Exercise prompt
First find the line with "A haunted house", then reproduce it and all following lines of the data to the end, exactly and with no pictures, adding nothing.

Data under study
══════════════════════════════

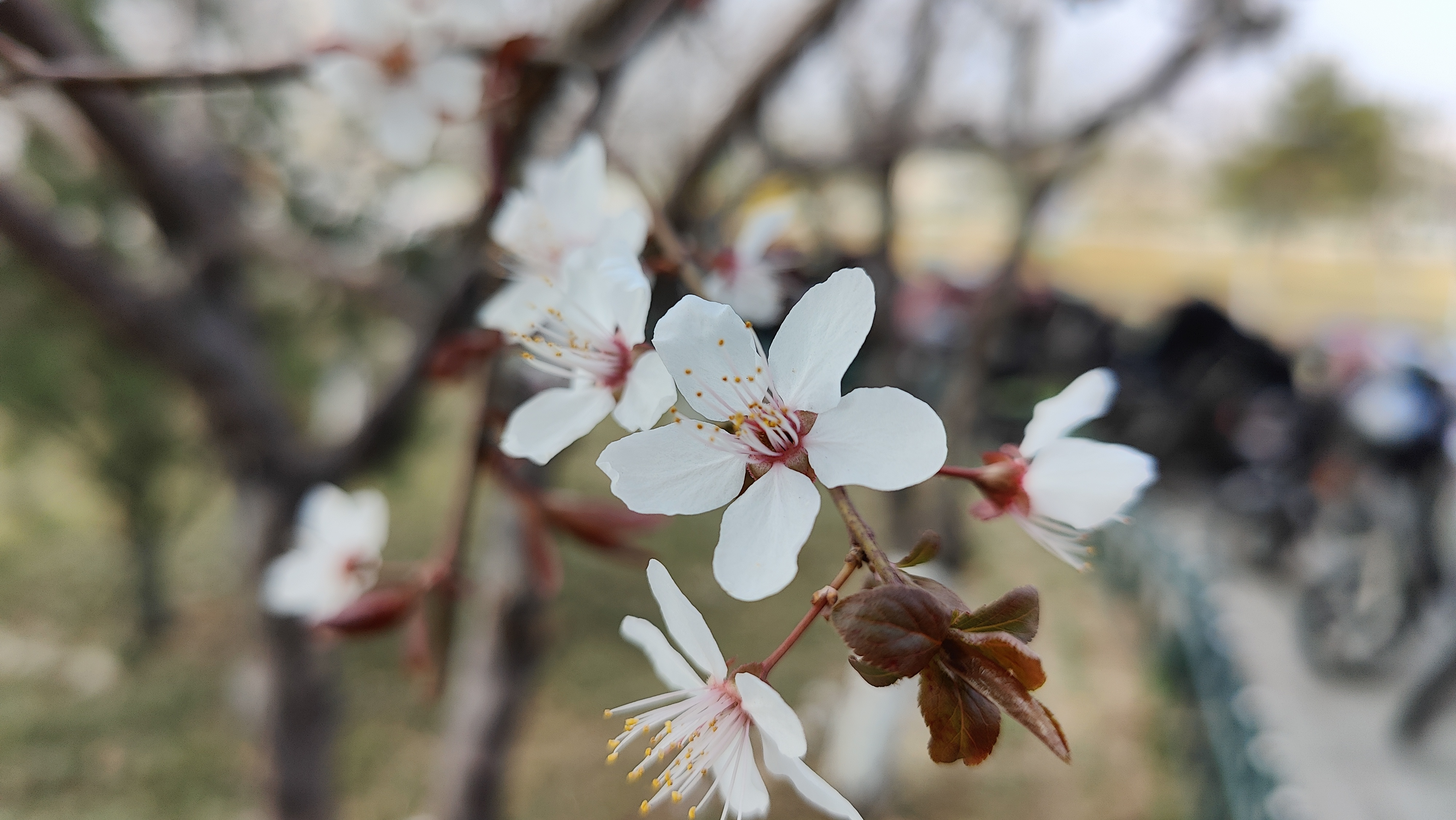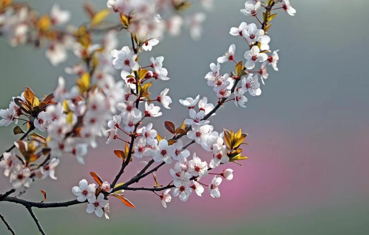 廣場上的紫葉李花,花朵細碎小巧,星星點點的花開滿枝頭,滿樹花朵粉中泛白,與紫紅色的葉子相互映襯,散發著幽幽馨香,沁人心脾。花瓣隨風飄落,就像漫天飛雪,美不勝收。真可謂:白花冷若雪,紫葉艷如霞?;ò険u曳,在這里,你能體驗“粉雪”的浪漫。
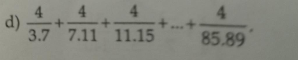 `= 4 . (1/(3.7) + 1/(7.11) + 1/(11.15) + ... + 1/(85/89))`
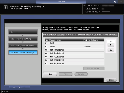 [Eliminar] | Elimina el servidor externo seleccionado en la lista de servidores externos. Si se elimina el servidor externo predeterminado, el siguiente servidor externo registrado de forma consecutiva se establece como el predeterminado. |
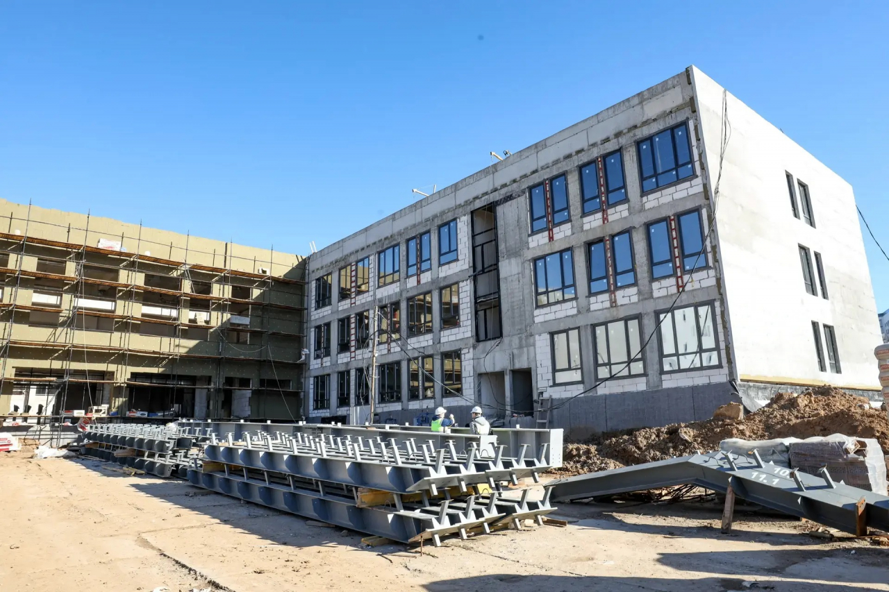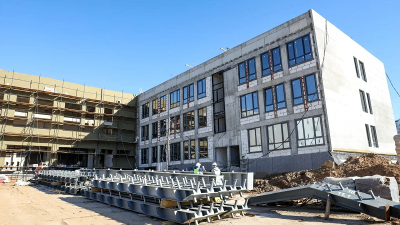 В жилом комплексе «Мытищи Парк» продолжается строительство новой школы на 850 мест. Объект реализуется в рамках Народной программы партии «Единая Россия». На сегодняшний день завершены основные монолитные и кладочные работы, в полном объёме завезено остекление. Строители приступили к внутренней отделке помещений и монтажу инженерных систем, переходя к следующему этапу реализации проекта.
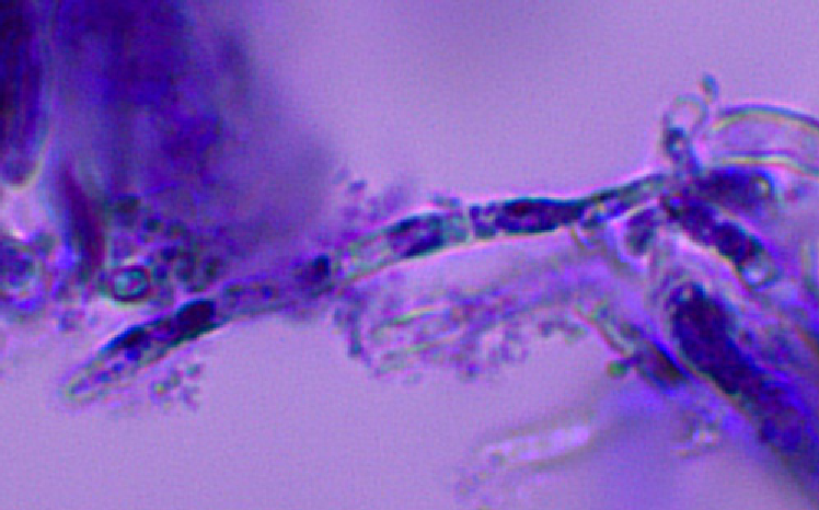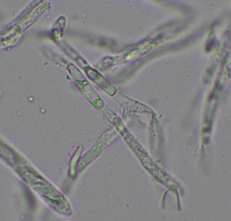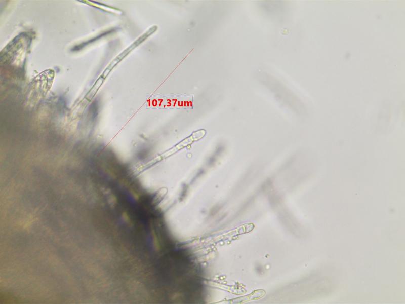 The apothecia were not fully ripe and its hairs were agglutinated with amorphous crystals to large extent. The few free spores (quite moving in the slide) were about 5-7/1,5-2 µn large. Paraphyses are filiform and with some guttule content. The asci are (some ..) 8-spored, and I did not find croziers. With Barals solution they react faintlly bluish (hardly to get in the picture). The excipulum is of textura angularis-prismatica, the end-cells (as they could be observed) are about 20-35/3-4 µm long and brownish, they bear protuberances similar to Mollisina but shorter.
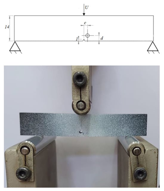 A notched specimen with a 2 mm diameter hole was subjected to three-point bending loading, as shown in Figure 4. The specimen dimensions were 80 mm in length, 14 mm in width, and 10 mm in thickness. A support span of 60 mm was used for the three-point bending setup. The length of the bottom notch was l = 1 mm. The distance between the notch and the axis of the hole is denoted c. The distance between the axis of the hole and the bottom edge of the PMMA specimen is d.
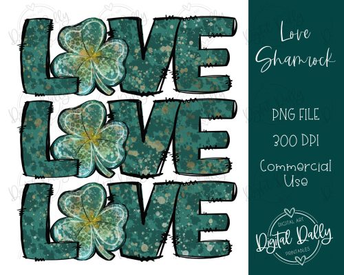 St. Patrick’s Day Love PNG, Grunge Shamrock, Retro Art, Green Leopard Print, Retro Png, Grunge Clover, Lucky Art, Sublimation Art
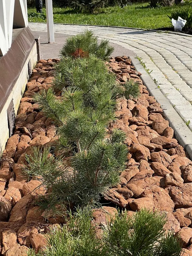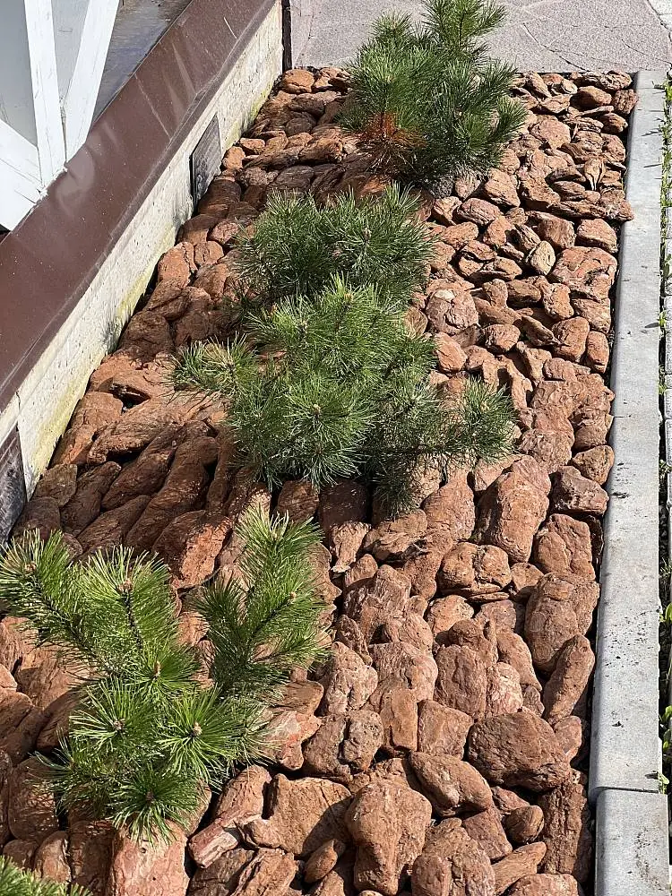 Галтованная кора сосны — это гораздо больше, чем просто натуральный материал для мульчирования. Она сохраняет все преимущества обычной сосновой коры: экологичность, удобство использования, достаточно долгий для органического материала срок службы, хорошие мульчирующие свойства.
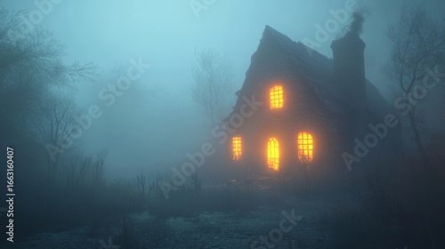 A haunted house with glowing windows and eerie fog surrounding it
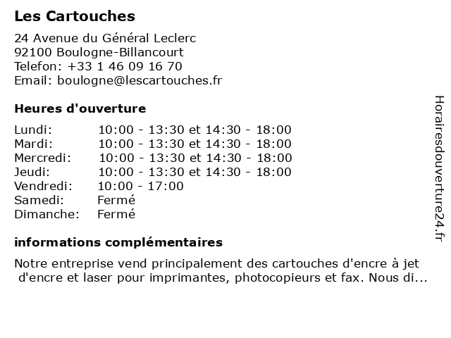 | Mercredi | 10:00-13:30 et 14:30-18:00 |

══════════════════════════════

Expected output
 A haunted house with glowing windows and eerie fog surrounding it
 | Mercredi | 10:00-13:30 et 14:30-18:00 |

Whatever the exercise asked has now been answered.